Again, it is understandable why not. For the political process to remain representative and accountable, "every succeeding Legislature possesses the same jurisdiction and power . . . as its predecessors. The latter must have the same power of repeal and modification which the former had of enactment, neither more nor less." Ohio Life Ins. and Trust Co. v. Debolt (1853). The precept has never been doubted. Indeed, the Supreme Court would arguably apply the highest scrutiny to evaluating any legislation that "restricts those political processes which can ordinarily be expected to bring about repeal of undesirable legislation." U. S. v. Carolone Products Co. (1938).
Who will tell the Senate that it may be acting unconstitutionally? On one level, this is a question of justiciability. There is good reason for the judiciary to seek to avoid this issue to avoid embarrassment to a co-equal branch. And there is precedent, like Nixon v. United States, dealing with the Senate's exclusive power to try impeachments, which illustrate the level of the Court's appropriate deference. But appropriate deference is not default, and factors which stayed the judicial hand in Nixon are not present in this context. In Nixon, had judges inserted themselves to superintend Senate impeachment practices, they would be undermining their own parallel authority to hear criminal issues related to impeachment, and more, weakening one of the only checks upon the judiciary, itself. These considerations for deference are not present here. Rather, a disappointment nominee or a newly elected member of the Senate with no voice in the rules that limit his electoral service could persuasively argue that the failure of the Court to intervene is fully necessary to address the injury to the body politic.
It is interesting that two former Vice-Presidents of different parties (Nixon (1957) and Humphrey (1969), sitting as the presiding officer of the Senate, have ruled that the current membership of the Senate is not bound by Senate Rule V's imposition of the rules of a different, prior body. That the Humphrey ruling was rejected by the full Senate out of the politics of the day hardly settles the constitutional issue.

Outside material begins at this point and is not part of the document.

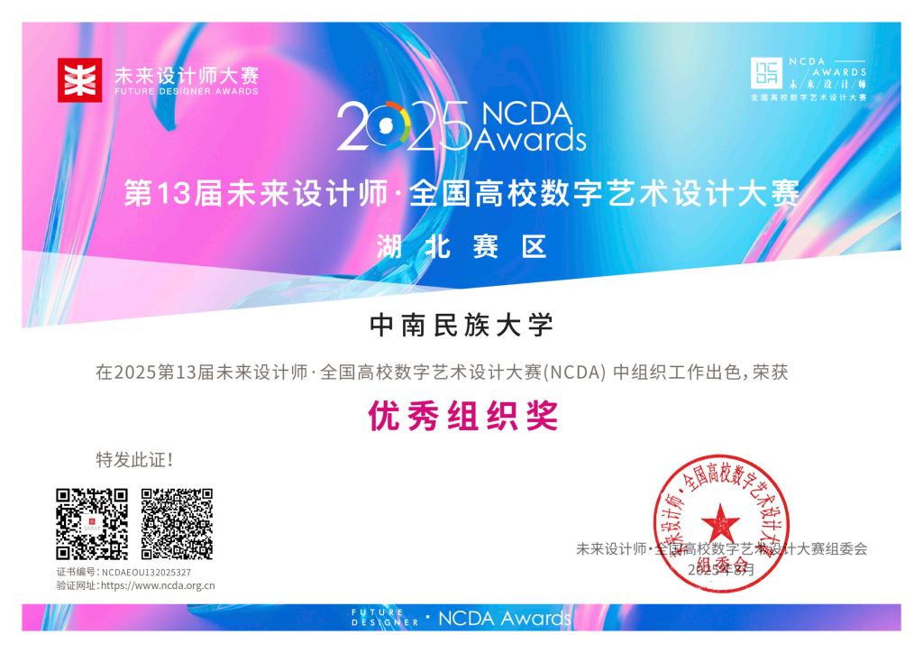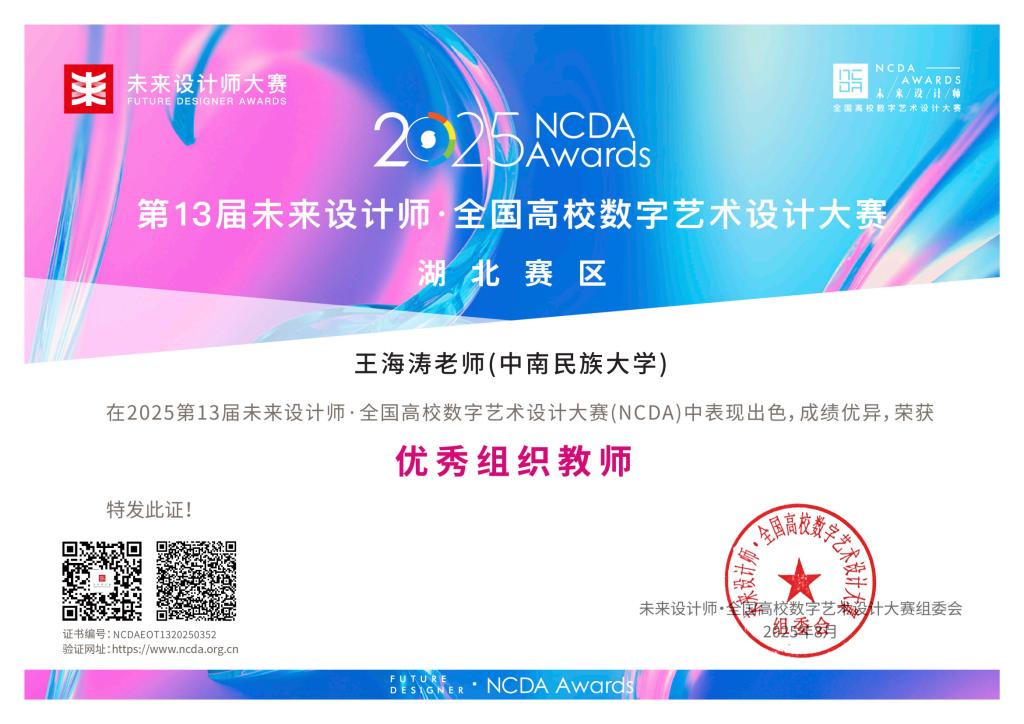 8月28日,必赢官网收到第13届未来设计师·全国高校数字艺术设计大赛(NCDA)组委会发来的获奖通知书,必赢官网学子喜获省奖37项、国奖8项。必赢官网荣获优秀组织奖,王海涛老师荣获优秀组织教师奖。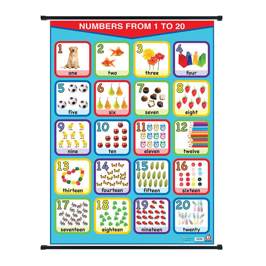 Póster números del 1 al 20 español/inglés (con bastón)

The Senate has a solemn responsibility in the consideration of judicial nominations. There has been a troubling failure on the part of both parties to meet this responsibility. The Senate need not defer to the judicial nominations of the President, but it should not ignore or defeat them by means not envisioned in the Constitution, itself. Let the debate be fair and open and concluded by all members of the Senate. That practice can easily be established in newly adopted Senate Rules that allow for debate to be closed on judicial nominations by simple majority.
As I have publicly written, denying Mr. Estrada or Justice Owen their confirmation vote by the full Senate is no more legitimate than if the outgoing Democratic majority of the previous Senate had attempted by rule to prevent repeal or modification of any Democratically-sponsored enactment except by super-majority.
It is not just the present nominees who are being injured; it is the right of Senate members not to have their representation diluted or nullified, and in that, it is the right of all of us who voted for those members that is being wrongly - if not unconstitutionally - filibustered.